AI-Based Document Digitization – An Enterprise Guide

Dylan Azulay

Dylan is Senior Analyst of Financial Services at Emerj, conducting research on AI use-cases across banking, insurance, and wealth management.

AI-Based Document Digitization - An Enterprise Guide

Many of the key processes in industries such as banking and insurance are still done on paper. That said, many large enterprises seem to be in the process of digitizing parts of these processes in order to prepare for forays into automation and artificial intelligence. 

These efforts require digitizing paper documents to extract and use the data stored within them. In addition, the manual data entry elements of these processes, such as mailroom, claims, loans, and regulatory compliance, are highly time-consuming.

Organizations seem to have realized that printing and storing their data on paper increases the responsibility of the individuals managing the data. Paper-based data storage is also liable to be misplaced or tampered with. This has led many businesses to implement solutions to reduce their dependence on paper-based operations.

Artificial intelligence solutions such as those from AI-based document digitization vendor Vidado could help businesses across industries save money and time in the processing of paper documents, including hand-written notes. 
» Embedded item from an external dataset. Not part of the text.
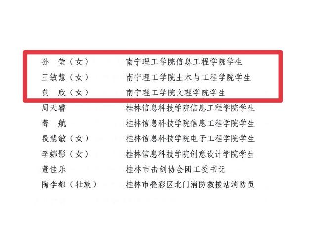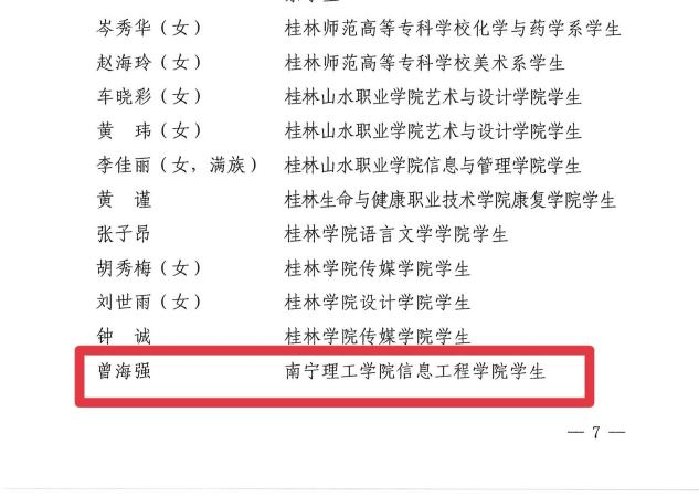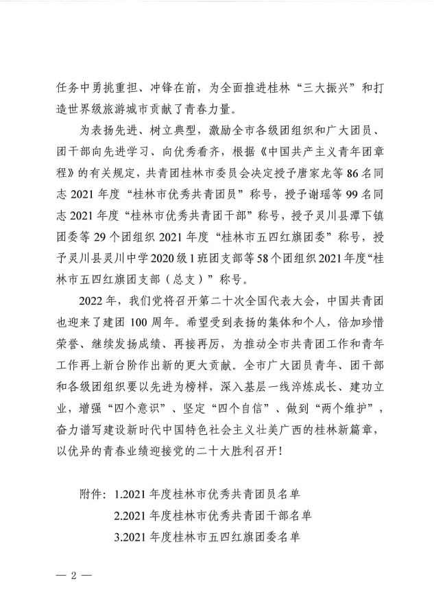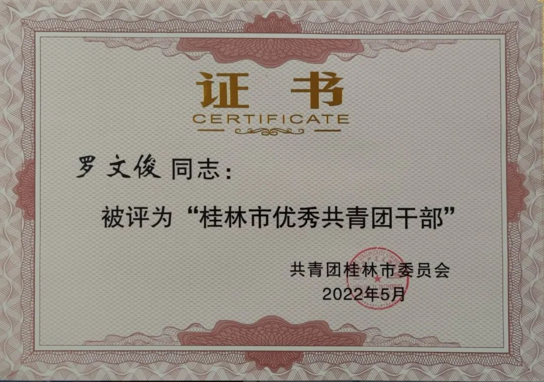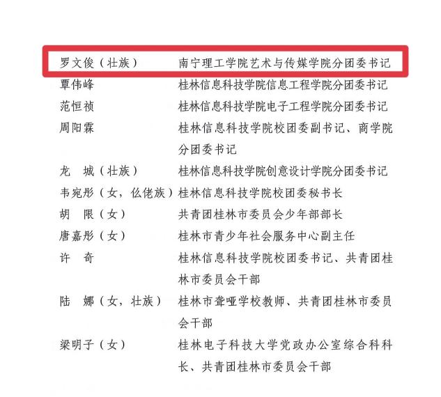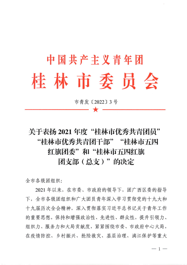 近日,共青团桂林市委员会印发了《关于表扬2021年度“桂林市优秀共青团员”、“桂林市优秀共青团干部”、“桂林市五四红旗团委”和“桂林市五四红旗团支部(总支)”的决定》(市青发〔2022〕3号)。我校罗文俊老师获“桂林市优秀共青团干部”荣誉称号;曾海强、孙莹、王敏慧、黄欣四位同学获“桂林市优秀共青团员”荣誉称号;我校信息工程学院团总支、文理学院团总支获“桂林市五四红旗团支部(总支)”荣誉称号。

We spoke with Vidado’s CEO, Nowell Outlaw, about how AI-based document digitization software could be used to reduce time spent on manual data entry in a variety of industries and prepare data stored within paper documents for integration with robotic process automation (RPA) software.
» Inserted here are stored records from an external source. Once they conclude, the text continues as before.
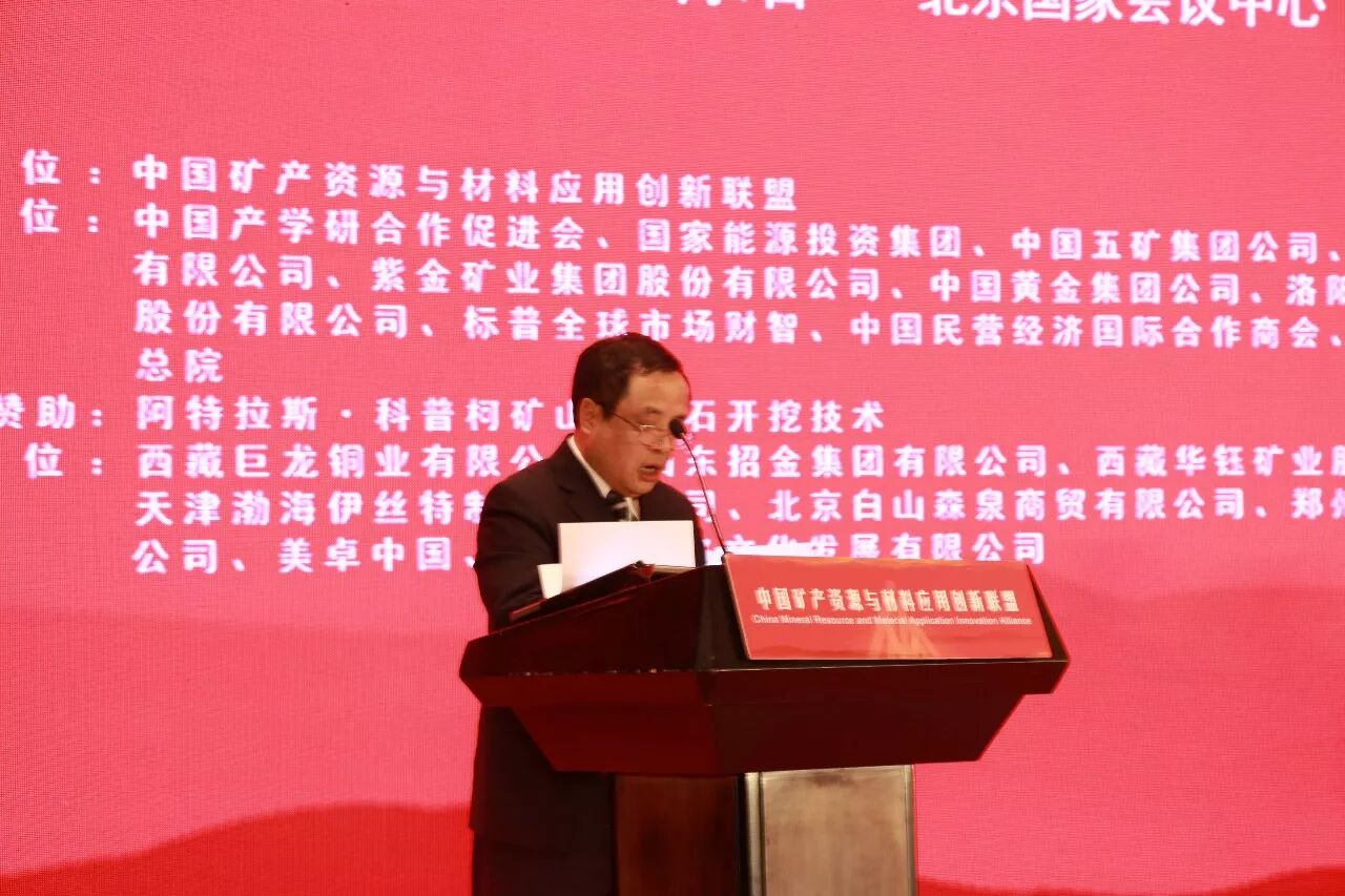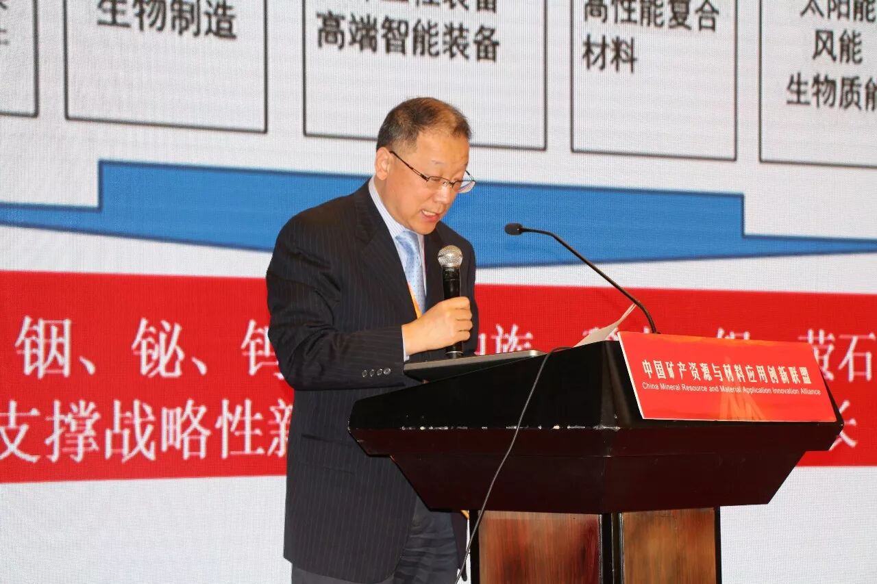 ▲中国产学研促进会执行副会长王建华宣布中国矿产资源与材料应用创新联盟成立。
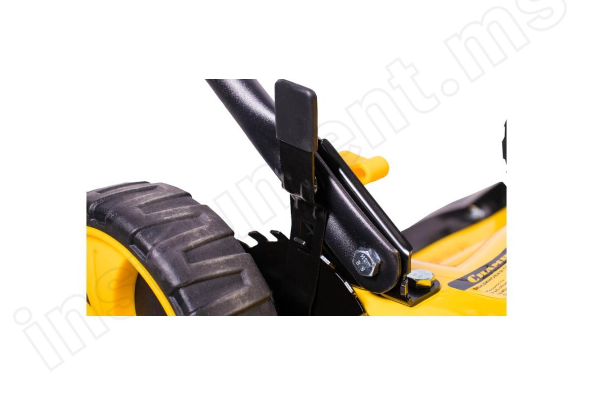 - pегулировка высоты скашивания производится с помощью рычага под каждым колесом.
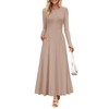 ZESICA Women's Elegant Maxi Dresses 2025 Fall Long Sleeve Button Casual A Line Boho Flowy Dress with Pockets,Khaki,Small

As a result, businesses could maximize the value that high-skill workers such as insurance underwriters and claims handlers bring to the company by allowing them to focus on tasks more oriented to their expertise than rote data entry from paper documents to digital system.

In this article, we discuss how computer vision, the technology behind AI-based document digitization software, could have the edge over traditional optical character recognition (OCR) software when it comes to digitizing documents at scale. 

We also take a deeper look into document digitization use-cases in industries such as banking and insurance, and use-cases such as preparing data for RPA and analytics. 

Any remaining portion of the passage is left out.